What is God saying to me in this passage? 1) Be determined to hold fast to the truth, because only the Gospel of the Grace of Christ is the way to God; 2) Be discerning, because the truth is a matter of life and death; 3) Be devoted, for the love of God. God is pleased, He gets the glory, when we steadfastly hold to His Word and do not compromise the Gospel of Christ. Hold fast, and hold forth, the Gospel of His grace! The fundamental truth of the Gospel is that we are saved by the Grace of God, that is by His unmerited, undeserved favor.  Grace alone, through faith alone, in Christ alone. Nothing we do can adds to our salvation – and as we’ll see in this letter, we can’t do anything to earn it, perfect it, or to keep it. 

       The rabbis showed this same tendency by building a “hedge” around the Law, i.e., adding man made rules which became a measure of spirituality. The motives might seem good at first, but the end thereof is the way of death.  Galatians will talk about holiness, but such a change needs to come from inside out. We need a new heart, then we’ll live a new life. Paul calls it the “fruit of the Spirit”. We are not under the Law, we are free in Christ. “If the Son therefore shall make you free, you are free indeed…”

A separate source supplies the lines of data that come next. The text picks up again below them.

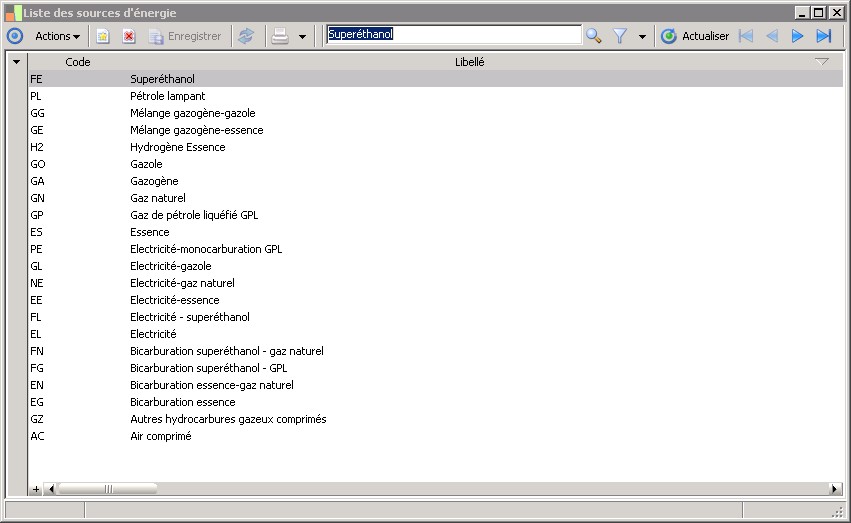 (Sage FRP 1000 Suite Financière) Menu Immobilisations > Fichiers de base > Liste des sources d'énergie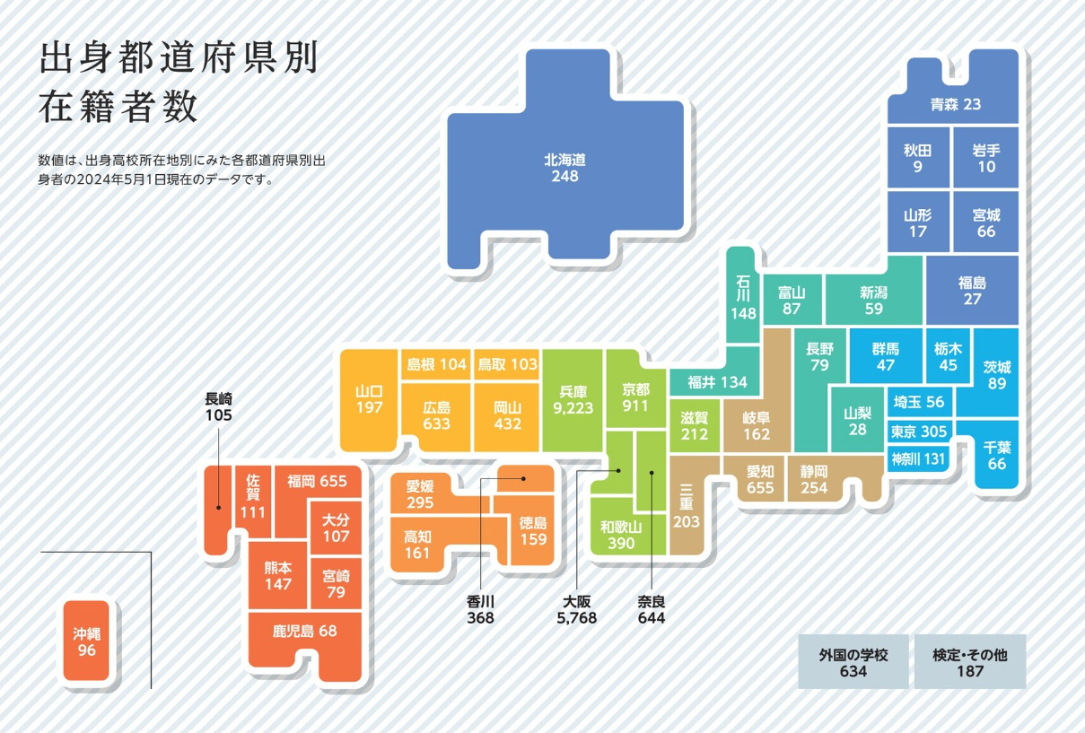 関西学院大学には、全国47都道府県から学生が集まっています。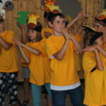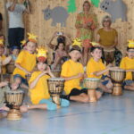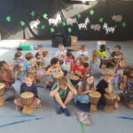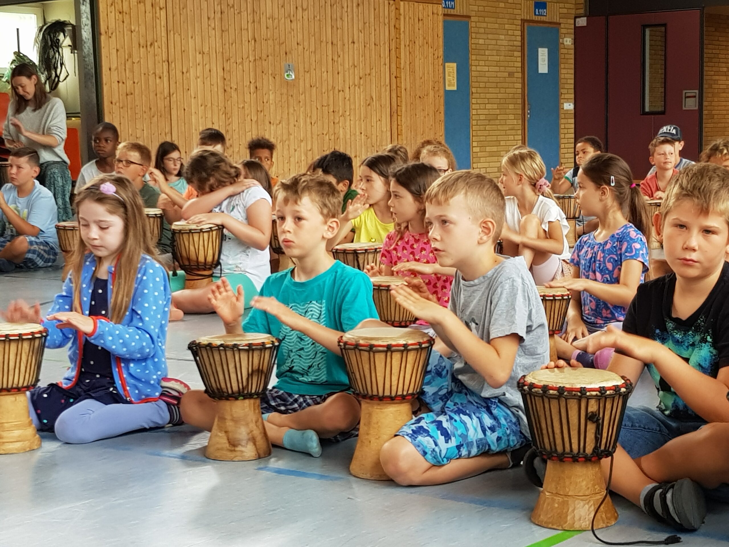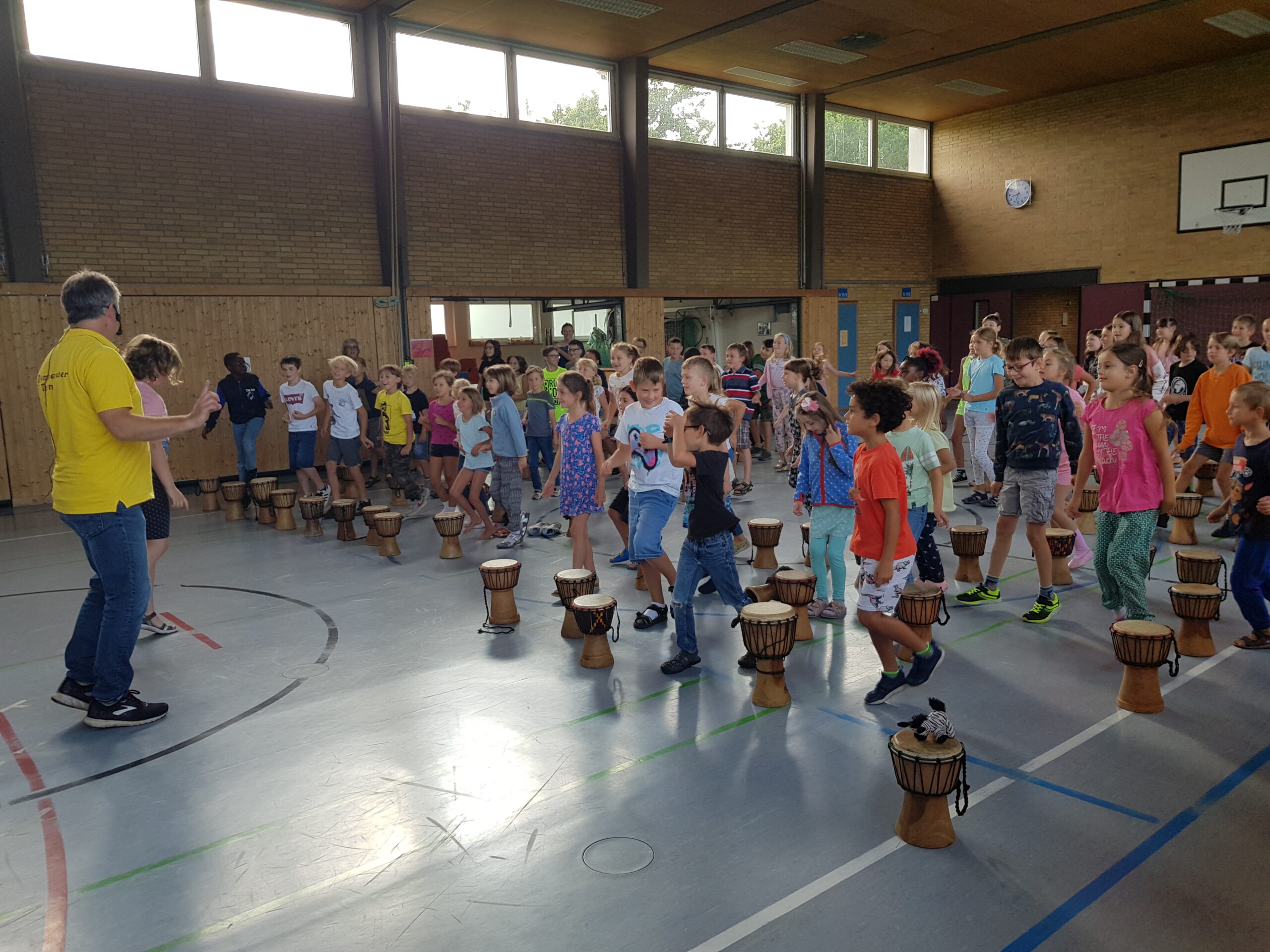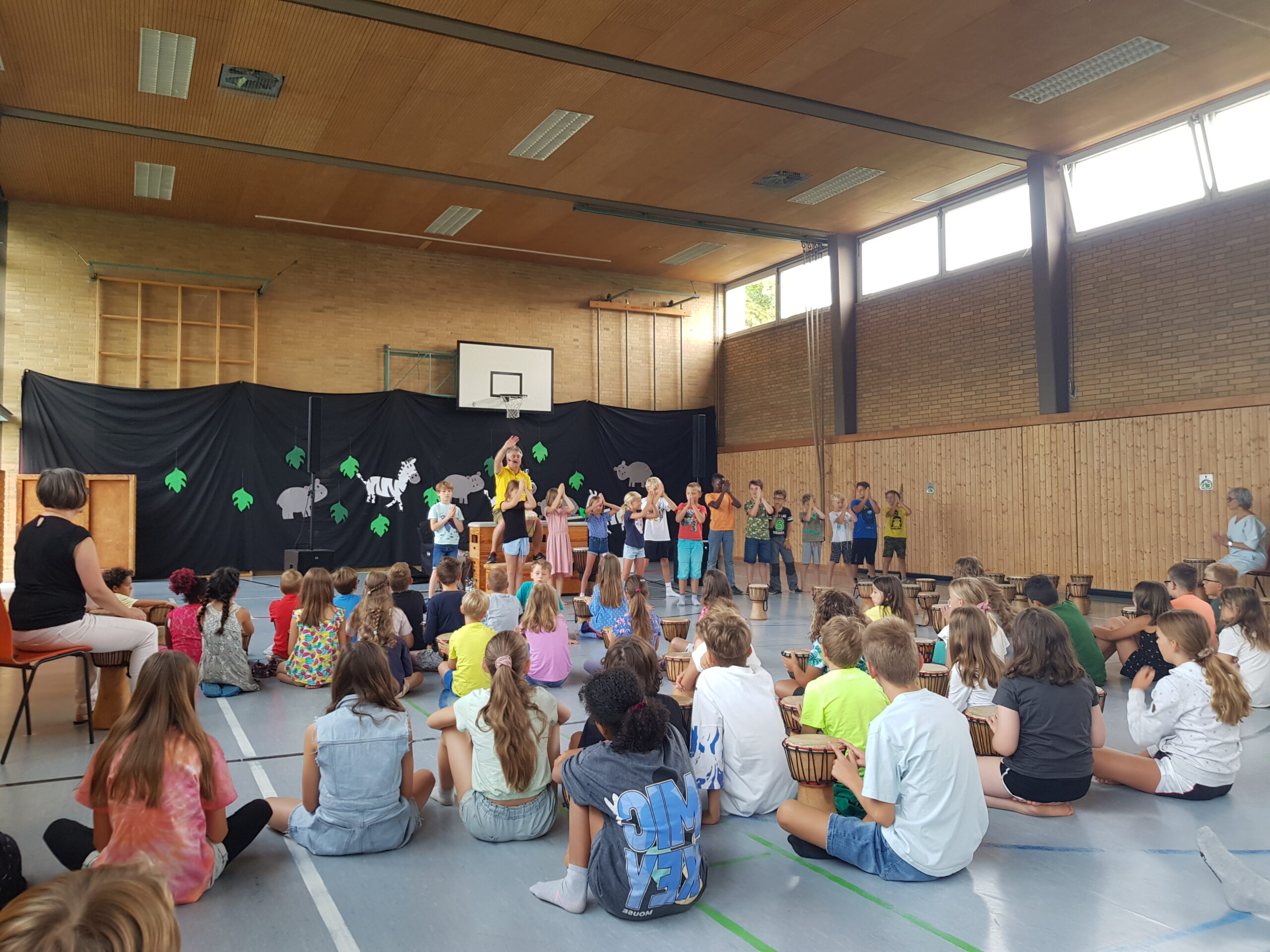 Zusätzlich zum gemeinsamen morgentlichen Trommeln genoss jede Klasse täglich eine Exklusiveinheit mit dem Trommelzauberer Arnd. Hier wurden lustige Spiele zu Trommelmusik gespielt und Elemente für die Aufführung erarbeitet.
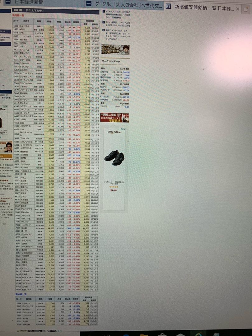 新高値安値、いやーーー、ダントツで高値更新の方が多いわ。今は、高値から直近1~2か月の高値から転がり落ちたものを拾って高値奪還までを保有するトレード。大体、10%は取れるね。間違っても、空売りはしないこと。ヤフーとか下がりそうだけど、売ったらいかん。
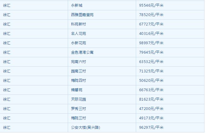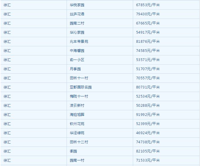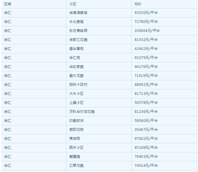 上海徐汇区的较新二手房房价,你看看你住的小区或者你家的房价多少呢?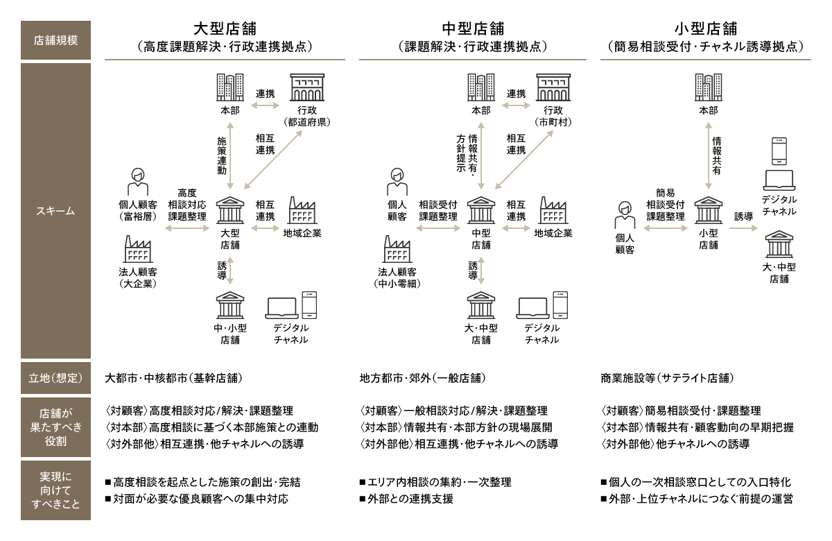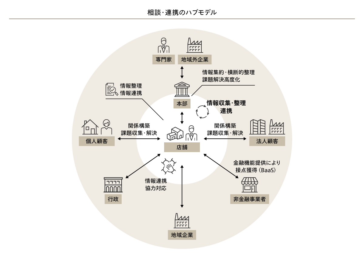 こうした取り組みを通じて、これからの店舗は単なる取引拠点ではなく、顧客や地域の課題を起点に内部外部の機能を結び付ける「相談・連携のハブ」へと進化する必要がある。ここでいう「ハブ」とは、本部施策の実行拠点にとどまらず、現場で把握した課題を起点に本部の専門部署やグループ会社、外部専門家、自治体、さらには非金融事業者をつなぎ、解決まで伴走する中核機能を指す。
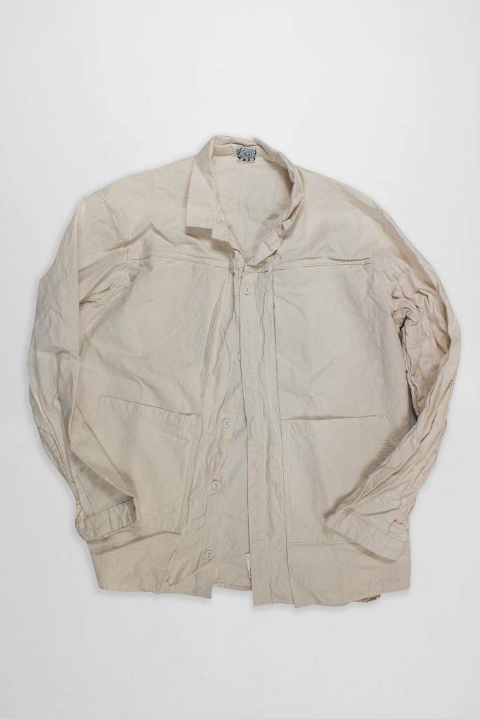 A further step on from the Type 401 Pleat Pocket Shirt, the Two Birds Shirt creates two pockets with one line of pocket stitching. The pattern is cut with a large front panel pleated into the yoke. Once this is pressed into place, a patch pocket is sewn through all three layers of the pleat. This creates a standard hand-height patch pocket on the outside of the shirt, but its stitch lines also hold the pleat together as a deeper chest pocket, accessed vertically.

What would God have me to do in response to this passage?  Where do good works come in then?  Faith works through love.  Because God has loved us, we love Him in return. And that love will overflow in our relationships, we love one another. And when we do, we strive to conduct ourselves in a way that won’t cause another to stumble, or hinder an unbeliever from coming to faith.  We’ll see in this letter, the change in us does not come from imposing external rules.  It comes in the form of the “fruit of the Spirit.”  We believe God. And God in us is changing us, transforming us, from the inside out.

     Let’s not judge another because their life does not conform to our idea of what Christianity should look like.  What does the Bible say? Remember, Jesus was a friend of sinners (Matthew 11:19).  Today, the world asks with Pilate, “What is truth?” It doesn’t matter what you believe, as long as you really believe it. Have you heard that? That is clearly wrong!  Legalism imposes man-made rules, that too is wrong.  Remember: "The secret of the Lord is with those who have been broken by his cross and healed by his Spirit." Galatians holds forth these two things: the cross of Christ as the only way a person can get right with God, and the Spirit of Christ as the only way a person can obey God. Let’s be people who rejoice in the Cross, and who walk in the Spirit!  AMEN.

Comments

  1. This week's blog is so relevant!!! It is interesting where Paul points out that even those who know God can still be deceived by human reasoning. As Christians, we can unwittingly "suppress the truth" by putting too much focus on philosophical definitions of truth. Human wisdom is very seductive.